Nocticadia: A Dark Academia Gothic Romance

Nocticadia: Chapter 33



Tick. Tick. Tick.

I hawked the clock, until at precisely ten-oh-eight, I headed out for Mel’s dorm room. The hallways were never quiet, always bustling with late night study sessions. The commons room at the end of the hallway buzzed with the same physics students cramming for another exam, just as they had the week before. Each of them made obvious because they plastered the chalkboard with their equations and often yelled ‘bazinga!’ from The Big Bang Theory whenever they solved it correctly. It was the only time the entire corridor smelled like weed, too.

When I reached Mel’s room, I only had to knock once before the door swung open, and she peered out into the hallway, looking left and right. A hard yank of my arm had me tumbling forward into the room.

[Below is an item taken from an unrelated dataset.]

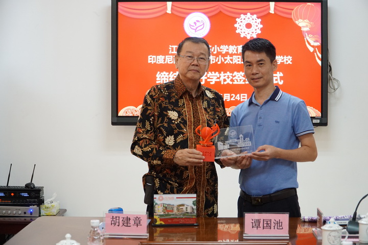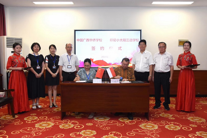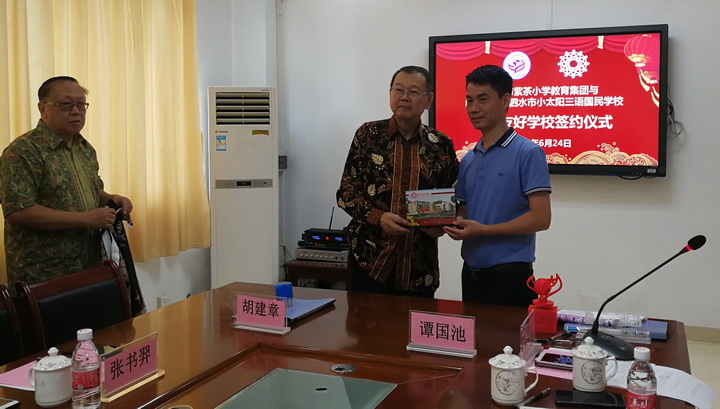 继6月18日由印中文化交流基金会主席、泗水市小太阳三语国民学校校董、江门-泗水交流促进委员会主任胡建章,中国侨联委员、广西侨联顾问、澳门广西社团总会副会长温深文,江门-泗水交流促进委员会副主任兼总干事、印尼《千岛日报》记者、《广东侨友网》攒稿人黄抵江等三人组成的印尼泗水市小太阳三语国民学校参访考察团在南宁市与广西华侨学校签署【友好学校协议书】之后。
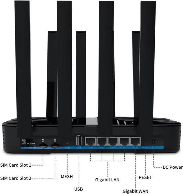 Dual SIM Flexibility & Wide CompatibilitySupports 2 Nano SIM slots + 2 eSIMs (dual-mode dual standby) and includes 4 high-gain antennas. Ideal for rural areas, vehicles, and temporary offices with unstable broadband

“Hey, a simple come in would’ve worked.” I scowled, rubbing the raw spot where her nails had dug into my skin, and glanced around her room, significantly bigger than mine, with a small living room and a hallway that I presumed led to a bedroom.

Ignoring my complaint, she jerked her head for me to follow, and led me down the small hallway to a door she swung open on a bedroom, as I’d suspected.

What I hadn’t expected was for her to lead me to another door, a closet, where at its rear stood yet another small door.

“What in the wannabe Narnia is this?” I asked, staring at the frame which appeared to be half the size of a normal door.

“Decades ago, when the dorm was first built, it housed children, like an orphanage. The settlers were terrified of the savage monsters,” she said in air quotes, “coming and taking the children in the middle of the night. So they built these little doorways leading to the cellars to hide them in the event of a raid.”

“I’m guessing the raids never happened.”

“You guessed right.” Hinges groaned as she opened the door on a creepy stone stairwell, and from the shelf of her closet, she nabbed an LED lamp. “C’mon. Gang’s waiting to meet you.”

“Gang?” Hopefully that wasn’t crazy talk for a pile of dead bodies. I followed her down the staircase, where the air grew thicker and colder. Rubbing my shoulders failed to keep the chill off my skin, and when we finally reached the bottom of the stairs, shivers wracked my bones. “Jesus, you should’ve given me a heads up to wear a sweatshirt.”

“Don’t be a wimp.” Tiny bells on her bohemian skirt clinked as she led me down a narrow corridor off the staircase that curved to the left.

I couldn’t help but think how freaking creepy it would’ve been to stumble upon something while wandering the passage alone. “What made you want to explore down here? I feel like this is the perfect place to hide dead bodies.”

An impish curve of her lips told me Mel definitely had a dark side as she glanced over her shoulder, leaving me to wonder if I was stupid for having followed after her. “The dead have stories,” she said. “Have you had any encounters yet?”

“What? Like, ghosts?” Of course I had–a man in a bird mask, though I hadn’t yet worked out if he was the result of too-little sleep, or real. Either way, I had no intentions of mentioning him.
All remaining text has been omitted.